Copy each entry verbatim, excluding its images.

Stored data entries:

------------

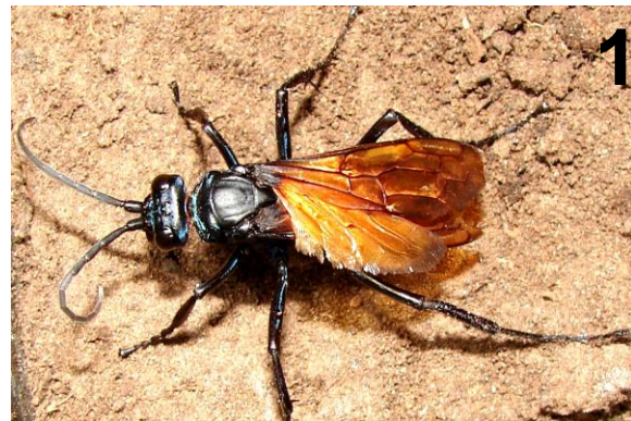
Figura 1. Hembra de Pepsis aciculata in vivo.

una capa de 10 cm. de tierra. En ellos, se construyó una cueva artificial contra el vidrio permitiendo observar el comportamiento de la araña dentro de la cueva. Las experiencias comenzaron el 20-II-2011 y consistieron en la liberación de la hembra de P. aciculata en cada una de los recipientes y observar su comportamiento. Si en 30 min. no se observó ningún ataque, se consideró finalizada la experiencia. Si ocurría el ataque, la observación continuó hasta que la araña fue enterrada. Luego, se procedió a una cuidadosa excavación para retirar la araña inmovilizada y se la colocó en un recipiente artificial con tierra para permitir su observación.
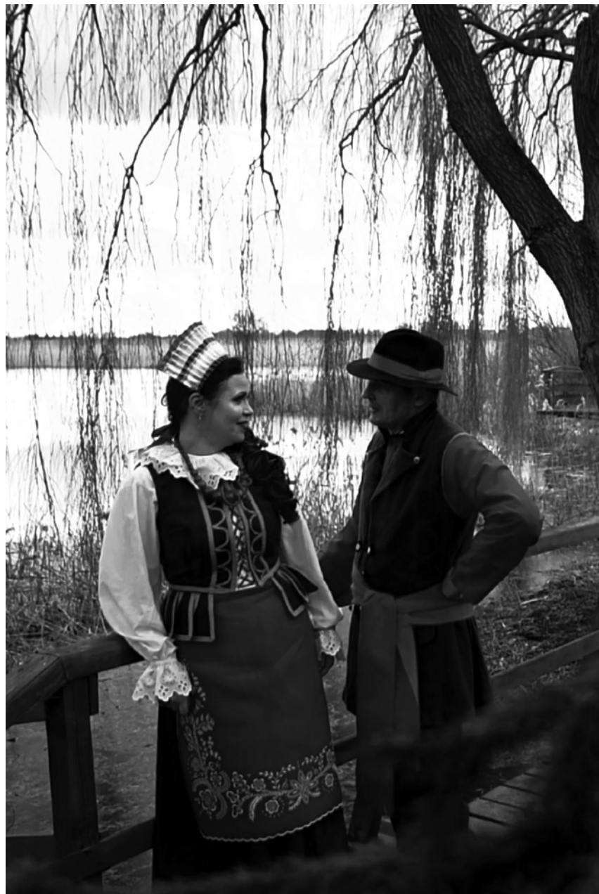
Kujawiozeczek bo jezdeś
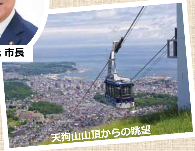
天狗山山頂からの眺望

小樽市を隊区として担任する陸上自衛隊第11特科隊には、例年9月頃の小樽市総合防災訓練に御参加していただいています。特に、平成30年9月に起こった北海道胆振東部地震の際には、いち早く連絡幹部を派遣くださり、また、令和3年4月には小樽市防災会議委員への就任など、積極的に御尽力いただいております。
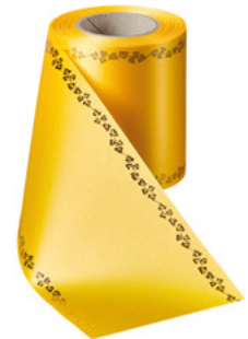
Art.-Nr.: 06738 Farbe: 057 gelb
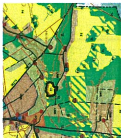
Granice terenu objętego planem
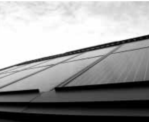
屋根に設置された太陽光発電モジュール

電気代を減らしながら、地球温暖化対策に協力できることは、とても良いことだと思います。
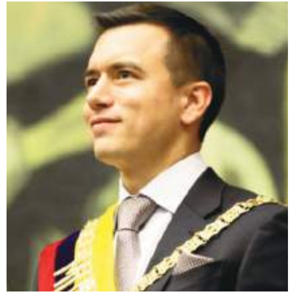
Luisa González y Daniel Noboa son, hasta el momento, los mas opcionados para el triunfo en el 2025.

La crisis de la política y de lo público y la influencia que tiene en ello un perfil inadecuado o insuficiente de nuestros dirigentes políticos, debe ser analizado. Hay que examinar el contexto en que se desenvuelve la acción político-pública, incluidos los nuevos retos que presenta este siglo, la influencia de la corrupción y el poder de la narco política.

------------

**Output for this exercise**
Figura 1. Hembra de Pepsis aciculata in vivo.

una capa de 10 cm. de tierra. En ellos, se construyó una cueva artificial contra el vidrio permitiendo observar el comportamiento de la araña dentro de la cueva. Las experiencias comenzaron el 20-II-2011 y consistieron en la liberación de la hembra de P. aciculata en cada una de los recipientes y observar su comportamiento. Si en 30 min. no se observó ningún ataque, se consideró finalizada la experiencia. Si ocurría el ataque, la observación continuó hasta que la araña fue enterrada. Luego, se procedió a una cuidadosa excavación para retirar la araña inmovilizada y se la colocó en un recipiente artificial con tierra para permitir su observación.
Kujawiozeczek bo jezdeś
天狗山山頂からの眺望

小樽市を隊区として担任する陸上自衛隊第11特科隊には、例年9月頃の小樽市総合防災訓練に御参加していただいています。特に、平成30年9月に起こった北海道胆振東部地震の際には、いち早く連絡幹部を派遣くださり、また、令和3年4月には小樽市防災会議委員への就任など、積極的に御尽力いただいております。
Art.-Nr.: 06738 Farbe: 057 gelb
Granice terenu objętego planem
屋根に設置された太陽光発電モジュール

電気代を減らしながら、地球温暖化対策に協力できることは、とても良いことだと思います。
Luisa González y Daniel Noboa son, hasta el momento, los mas opcionados para el triunfo en el 2025.

La crisis de la política y de lo público y la influencia que tiene en ello un perfil inadecuado o insuficiente de nuestros dirigentes políticos, debe ser analizado. Hay que examinar el contexto en que se desenvuelve la acción político-pública, incluidos los nuevos retos que presenta este siglo, la influencia de la corrupción y el poder de la narco política.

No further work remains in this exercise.